Task prompt: Give the lines again exactly as they appear below, from the line with "Plan zur Herstellung" to the line with "William Hinn Sculpted", both included, and only those lines. Leave every picture out.

(Extracted records)
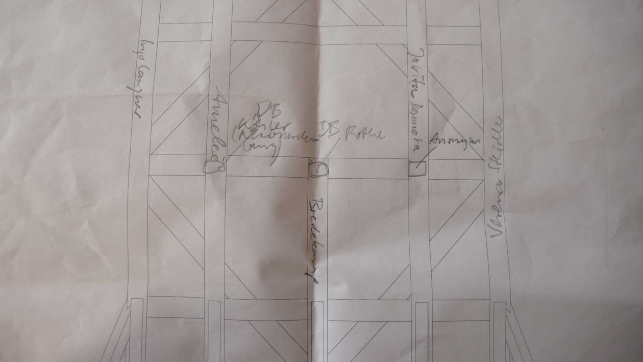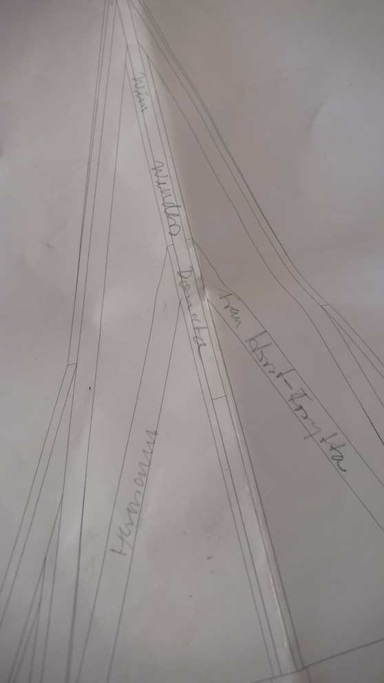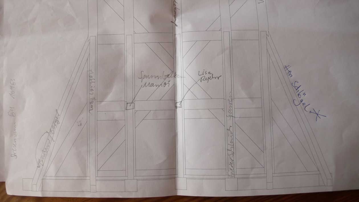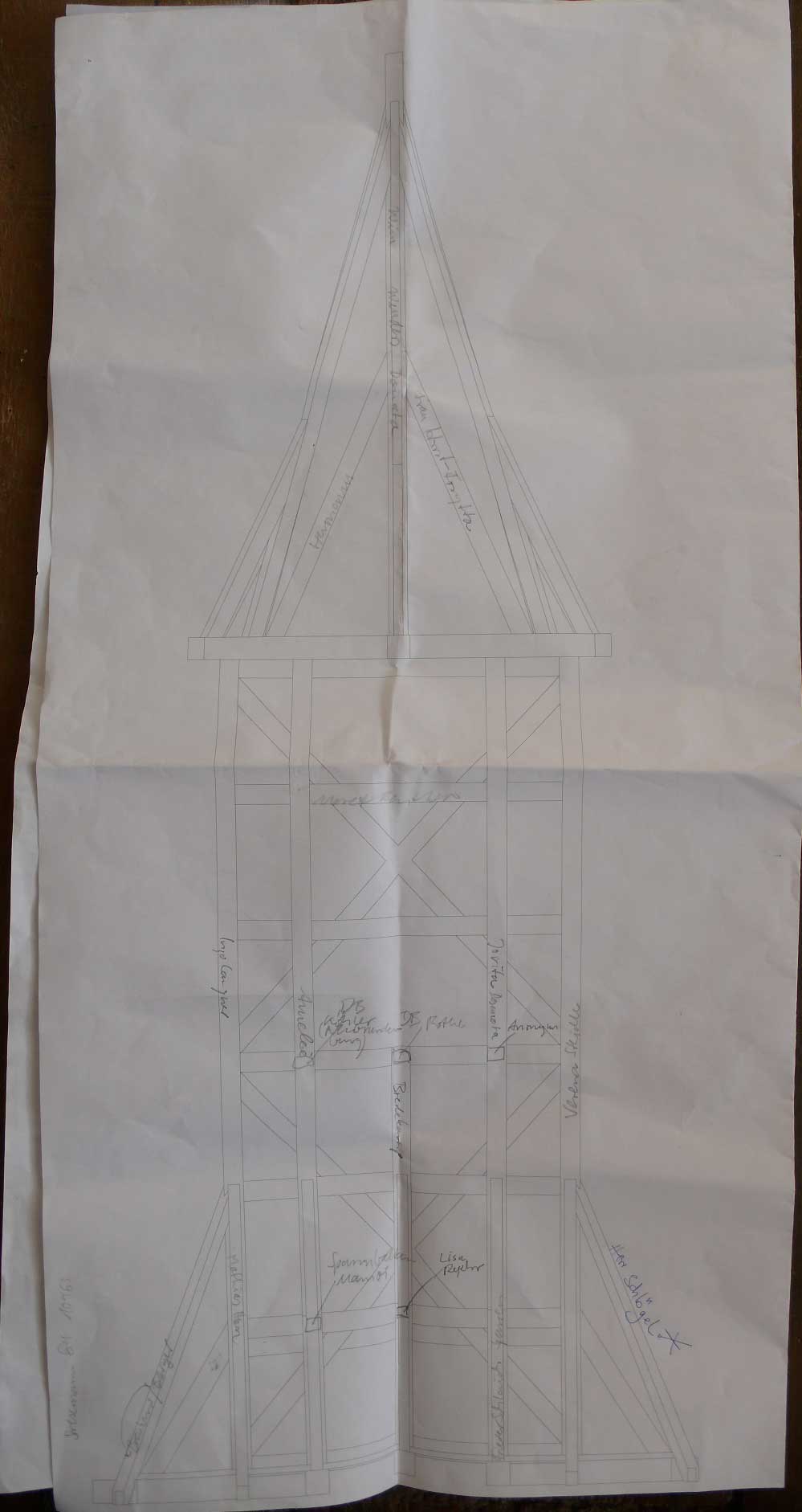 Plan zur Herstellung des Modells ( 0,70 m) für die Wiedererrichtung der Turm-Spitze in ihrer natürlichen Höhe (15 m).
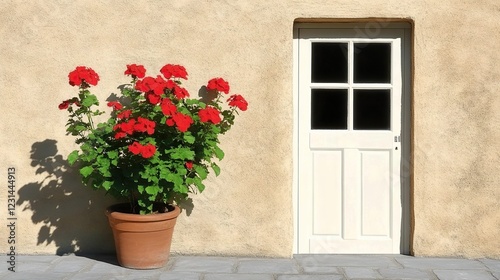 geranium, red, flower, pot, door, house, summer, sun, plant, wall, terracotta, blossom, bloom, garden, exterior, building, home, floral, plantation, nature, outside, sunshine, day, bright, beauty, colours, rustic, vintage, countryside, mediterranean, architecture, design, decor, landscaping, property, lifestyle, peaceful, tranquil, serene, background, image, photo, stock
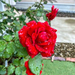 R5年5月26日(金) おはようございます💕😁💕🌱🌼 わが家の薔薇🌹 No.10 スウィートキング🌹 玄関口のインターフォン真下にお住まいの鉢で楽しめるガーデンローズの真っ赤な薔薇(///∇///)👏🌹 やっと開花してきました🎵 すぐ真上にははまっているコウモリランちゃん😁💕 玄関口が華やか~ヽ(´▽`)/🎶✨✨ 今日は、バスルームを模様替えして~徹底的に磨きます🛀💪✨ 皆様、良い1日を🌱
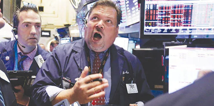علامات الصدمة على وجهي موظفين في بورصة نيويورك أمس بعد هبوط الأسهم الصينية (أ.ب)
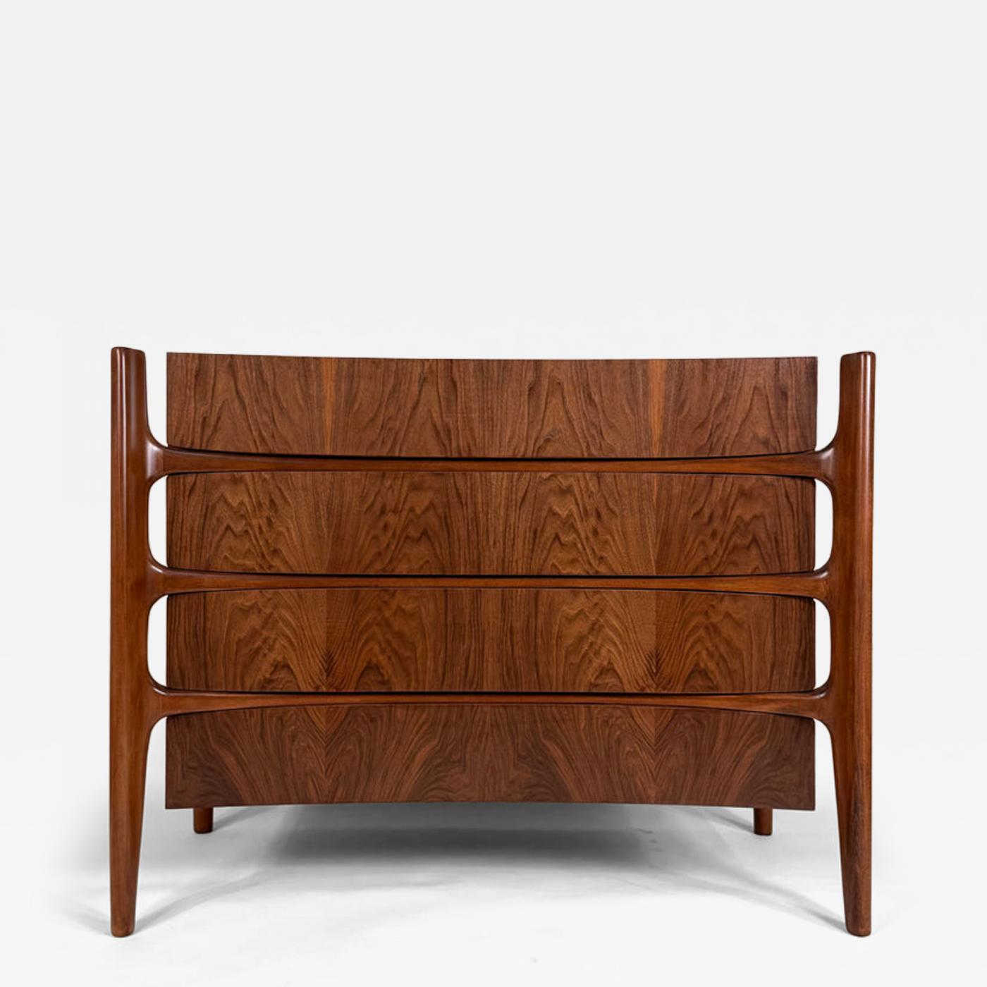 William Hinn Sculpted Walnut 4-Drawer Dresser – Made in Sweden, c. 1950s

---

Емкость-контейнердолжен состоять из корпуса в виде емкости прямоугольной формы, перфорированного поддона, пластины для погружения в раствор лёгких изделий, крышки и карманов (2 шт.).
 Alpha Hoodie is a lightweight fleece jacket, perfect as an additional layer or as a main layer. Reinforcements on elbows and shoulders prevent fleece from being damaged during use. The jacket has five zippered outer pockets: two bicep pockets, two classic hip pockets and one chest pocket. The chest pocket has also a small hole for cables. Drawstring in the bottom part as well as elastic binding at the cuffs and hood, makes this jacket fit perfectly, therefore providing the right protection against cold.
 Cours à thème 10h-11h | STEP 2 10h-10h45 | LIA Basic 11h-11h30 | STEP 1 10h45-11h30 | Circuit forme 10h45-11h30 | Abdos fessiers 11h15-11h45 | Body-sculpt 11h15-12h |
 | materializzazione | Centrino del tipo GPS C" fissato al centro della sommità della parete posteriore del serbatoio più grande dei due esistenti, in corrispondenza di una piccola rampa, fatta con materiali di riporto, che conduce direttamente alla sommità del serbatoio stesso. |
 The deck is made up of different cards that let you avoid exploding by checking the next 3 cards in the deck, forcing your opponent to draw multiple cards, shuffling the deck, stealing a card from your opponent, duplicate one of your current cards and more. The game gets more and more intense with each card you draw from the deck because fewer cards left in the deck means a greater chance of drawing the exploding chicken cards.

Answer section:
 Plan zur Herstellung des Modells ( 0,70 m) für die Wiedererrichtung der Turm-Spitze in ihrer natürlichen Höhe (15 m).
 geranium, red, flower, pot, door, house, summer, sun, plant, wall, terracotta, blossom, bloom, garden, exterior, building, home, floral, plantation, nature, outside, sunshine, day, bright, beauty, colours, rustic, vintage, countryside, mediterranean, architecture, design, decor, landscaping, property, lifestyle, peaceful, tranquil, serene, background, image, photo, stock
 R5年5月26日(金) おはようございます💕😁💕🌱🌼 わが家の薔薇🌹 No.10 スウィートキング🌹 玄関口のインターフォン真下にお住まいの鉢で楽しめるガーデンローズの真っ赤な薔薇(///∇///)👏🌹 やっと開花してきました🎵 すぐ真上にははまっているコウモリランちゃん😁💕 玄関口が華やか~ヽ(´▽`)/🎶✨✨ 今日は、バスルームを模様替えして~徹底的に磨きます🛀💪✨ 皆様、良い1日を🌱
علامات الصدمة على وجهي موظفين في بورصة نيويورك أمس بعد هبوط الأسهم الصينية (أ.ب)
 William Hinn Sculpted Walnut 4-Drawer Dresser – Made in Sweden, c. 1950s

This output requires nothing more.